We examine the confusion matrix and see the raw accuracy is .7790

5 Loan Approvals: Gradient Boosting

Gradient Boosting model approach is an ensemble method that applies repeated models to resampled data and pooling estimates. A boosted tree fits the next tree to the residuals of the prior tree. The residual error is minimized through each successive tree and typically accomplished through shallow trees. The gradient boosting approach uses the XGBoost algorithm which stands for extreme gradient boosting.

5.1 Feature selection

An initial attempt of the XGBoost model with all of the feature variables proved quite underwhelming with an accuracy of 0.75 and kappa of just 0.272. The importance chart showed \(Credit\_History\) as clearly the most important (greater than 75%), then \(ApplicantIncome\), followed by \(Total\_Income\), and the \(LoanAmount\). The dummy variable \(Property\_Area\_Semiurban\) also made the list of important variables. In an effort to simply the model and also construct a definite relationship between the income and the loan amount, a derived variable \(Income\_To\_LoanAmt\) is calculated as the ratio of the total income to the requested loan amount. The derived variable proved beneficial to increasing the model accuracy.

Based on the importance factor of the features from the initial baseline model along with the success of the derived variable, the following variables are selected as input into the gradient boosting model.

  • Credit_History: the most important feature

  • Income_To_LoanAmt: derived feature based on the combined income of the applicant and co-applicant to the requested loan amount

  • Property_Area: valuable feature for semiurban and urban

The data is split using 80% for training and 20% for test. Initial model attempts with the 80/20 split caused underfitting as the model predicted \(Loan\_Status\) as Yes for every instance. By decreasing the count of trees and lowering the number of cross-validation folds, the gradient boosting model began to perform better.

##  Credit_History Income_To_LoanAmt   Property_Area Loan_Status
##  0: 70          Min.   : 12.09    Rural    :139   N:148      
##  1:410          1st Qu.: 35.53    Semiurban:191   Y:332      
##                 Median : 41.67    Urban    :150              
##                 Mean   : 52.11                               
##                 3rd Qu.: 52.11                               
##                 Max.   :396.37

5.2 Model definition

The XGBoost model engine creates the gradient boosting model. The tree input parameter is set to 25 based on trial and error.

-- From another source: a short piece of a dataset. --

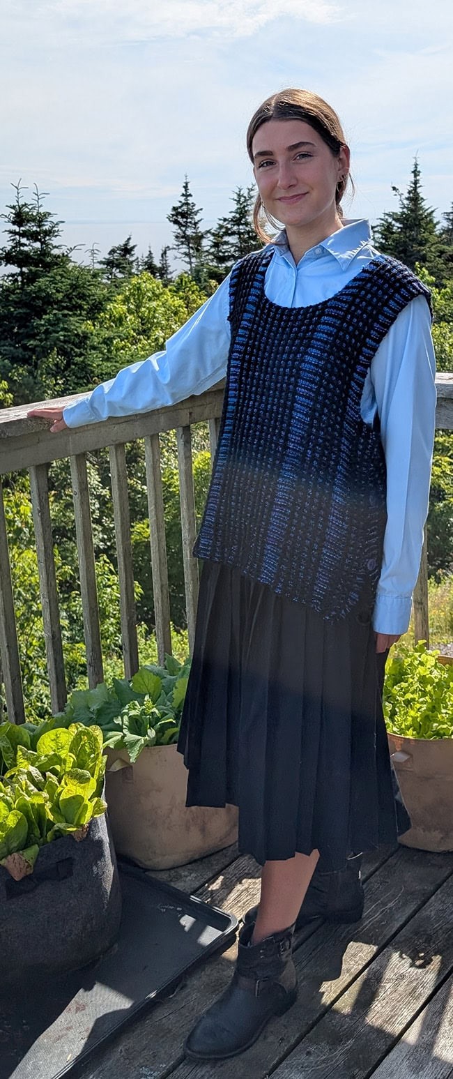 Vesten strikkes frem og tilbage på rundpind: 2 p i et enkelt vævestrikmønster med det ene garn, skub alle maskerne ned i den anden ende af pinden og strik 2 vævestrikpinde fra samme side med det andet garn. De retstrikkede kanter og indsatte striber strikkes undervejs.

Sample runs above 30 did not improve accuracy. With only five cross-validation folds generated, each with 10 combinations of the parameters, 50 unique XGBoost models are generated that each build 25 trees. The low number of variables does not require a great number of cross-validation folds, parameter combinations, or tree count in order to produce a high accuracy.

For generating the combinations of parameters, the tune() method allows the parameters to be determined by a tune grid to identify the best performing parameter definitions.

The parameters are defined by the sampling size and then the parameter grid is built by the function grid_max_entropy(). The size of 10 was selected based on trial and error. Values above 10 did not provide improved model accuracy. As mentioned above, the 10 combinations of parameters for each of the 5 folds produces 50 unqiue models. The few number of variables does not require a high number of model variations to produce a high accuracy.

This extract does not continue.